Кончилось тем, что весь зал, включая и свирепых оппонентов Луначарского, устроил ему около трех часов ночи такой триумф, какого Дом печати не знал никогда» 1.
Я не был на этом достопамятном диспуте, но не забуду, как одушевленно рассказывал мне о нем Маяковский под свежим впечатлением в Ленинграде.
— Луначарский говорил как бог,— таковы были подлинные слова Маяковского.— Луначарский в эту ночь был гениален.
И вот после этой ночи Анатолий Васильевич вышел на улицу вместе с Михаилом Кольцовым.

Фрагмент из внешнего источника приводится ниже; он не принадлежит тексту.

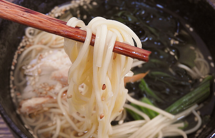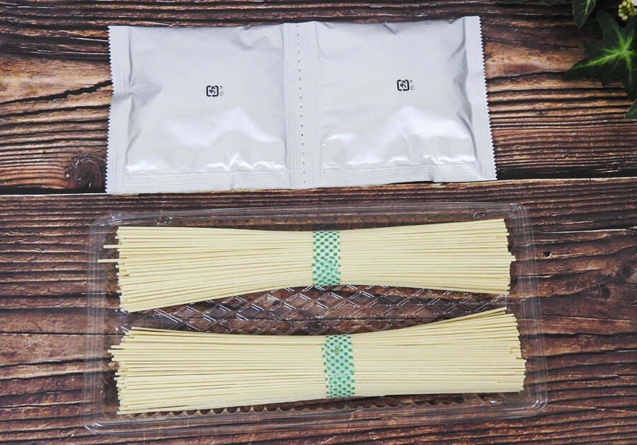 棒タイプの麺とスープが入っています。食べる時には具材を用意しましょう。魚介系スープですので、わかめやねぎとの相性が良さそうですよ。

«Мне интересно было узнать,— вспоминает Кольцов,— что же у него осталось от этого утомительного сражения. Но он сказал только: «Вы заметили, что Маяковский как-то грустен? Не знаете, что с ним такое?..» И озабоченно добавил: «Надо заехать к нему, подбодрить»2. Между тем Маяковский, увлеченный полемикой, высказывался о драматургии Луначарского особенно резко.
Но это было позднее, когда Анатолий Васильевич переехал в Москву, а тогда, в восемнадцатом году в Петрограде, мне
________________
1М. Кольцов. Литературные портреты. М., 1956, с 21
2Там же.
387
довелось слышать его публичные выступления всего лишь три-четыре раза, не больше, но и этого было достаточно, чтобы понять и почувствовать, каким огромным обладал он талантом пропагандиста, оратора, мастера импровизированной речи. Все его речи, которые приходилось мне слушать (и в Петрограде и позднее в Москве), были в полном смысле этого слова экспромтами. Помню, ранней весной в восемнадцатом он собрался было ехать на Петроградскую сторону — к Горькому. Мне тоже нужно было в те края, и я напросился в попутчики. Невдалеке от Троицкого моста в машину вскочил какой-то кудлатый седой человек без шапки, в полувоенной тужурке и, сильно жестикулируя, обратился к Луначарскому с просьбой, чтобы тот сию же минуту повернул на Васильевский по экстренно важному делу. Машина мгновенно изменила маршрут, человек сел рядом с Луначарским, и через четверть часа мы уже взбегали по трапу на большую баржу, пришвартованную к невскому берегу. Баржа была набита молодыми людьми, которые, кажется, отправлялись на фронт. Они были чем-то обижены и встретили Луначарского неприязненно. Сначала их урезонивал седой и кудлатый, но из его уст вылетали одни лишь митинговые штампы, которые уже набили оскомину. Его убогая казенная речь была прослушана с унылым равнодушием. Можно было подумать, что он затем и отбарабанил ее, чтобы задушевные слова Луначарского прозвучали еще задушевнее.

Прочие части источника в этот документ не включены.